This article has been translated from English to Japanese.
米国労働統計局が発表したデータによると、2025年12月の消費者物価指数(CPI)は前月比0.3%上昇した。これは予想通りだったが、コアインフレ率が予測を下回ったことで、物価上昇圧力が弱まっていることが明らかになった。
サービスと食品が価格上昇を牽引した一方、財のインフレ率は当月横ばいだった。住居費はインフレ持続の主因であり続けているが、年間3.2%という上昇率は、以前のピークから緩やかな減速が続いていることを示している。
主なポイント
- 総合CPI:前月比0.3%上昇(予想通り)、前年比2.7%上昇(予想通り)
- コアCPI:前月比0.2%上昇(コンセンサス予想0.3%を下回る)、前年比2.6%上昇(予想2.7%を下回る)— 2021年3月以来の最低前年比上昇率
- 住居関連インフレ:前月比0.4%上昇し、総合上昇率への寄与度が最大。前年比では11月の3.3%から3.2%に減速
- 食品価格:月間で0.7%急騰したが、鳥インフルエンザ懸念の緩和で卵価格は8.2%急落した
- エネルギー:月間0.3%上昇。ガソリンは0.5%下落したが、天然ガスは4.4%急騰した
- 娯楽:月間1.2%上昇と過去最高を記録。1993年の指数開始以来で最大の伸び
トランプ政権の関税政策によるインフレ懸念が続く中、12月のデータは消費者物価への顕著な転嫁が限定的であることを示した。衣料品は0.6%上昇したが、輸入品に敏感な多くのカテゴリーは比較的安定していた。

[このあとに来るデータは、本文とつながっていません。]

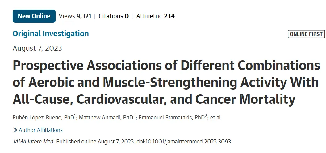 2023 年 8 月,《美国医学会内科医学》期刊上发表了一篇研究,这项研究为 40 岁以上人群运动方式提供了指导。这项研究纳入了 50 万成年人,参与者平均年龄 46 岁,找出了这个年龄段的人们选择最适合的运动方式。

BLSの別報告によると、実質賃金は前月比で横ばい、物価調整後の前年比では1.1%上昇した。これはパンデミック後のインフレ急騰後、購買力が安定化していることを示唆している。
12月のデータは明るい材料ではあるが、インフレ率は依然としてFRBの目標である2%を上回っており、コアCPIの3か月年率換算値は約2.4%で推移している。これは、緩やかな緩和傾向にあるものの、価格上昇圧力が依然として高い水準にあることを示唆している。
市場の反応
米ドル対主要通貨:5分足

TradingView提供の米ドル対主要通貨チャート重ね合わせ
CPI発表前まで緩やかに上昇していた米ドルは、発表直後に主要通貨に対して一時的な下落反応を示した。この初期の下落は、予想を下回るコア指数が示唆したように、連邦準備制度理事会(FRB)の金融政策に従来考えられていたよりも柔軟性がある可能性が背景にあると考えられる。
しかし、発表から1時間ほど経つと、投資家が詳細を分析する中で米ドルは急速に反発した。CPIの3分の1以上を占める住居費が、小幅な減速にもかかわらず高水準を維持している点が注目されたためだ。
取引終了時点では、米ドルは全通貨に対してCPI発表前の水準を上回り、特にニュージーランドドル(+0.62%)とスイスフラン(+0.36%)に対して顕著な上昇を記録した。一方、カナダドル(+0.06%)と日本円(+0.11%)に対する上昇幅は限定的だった。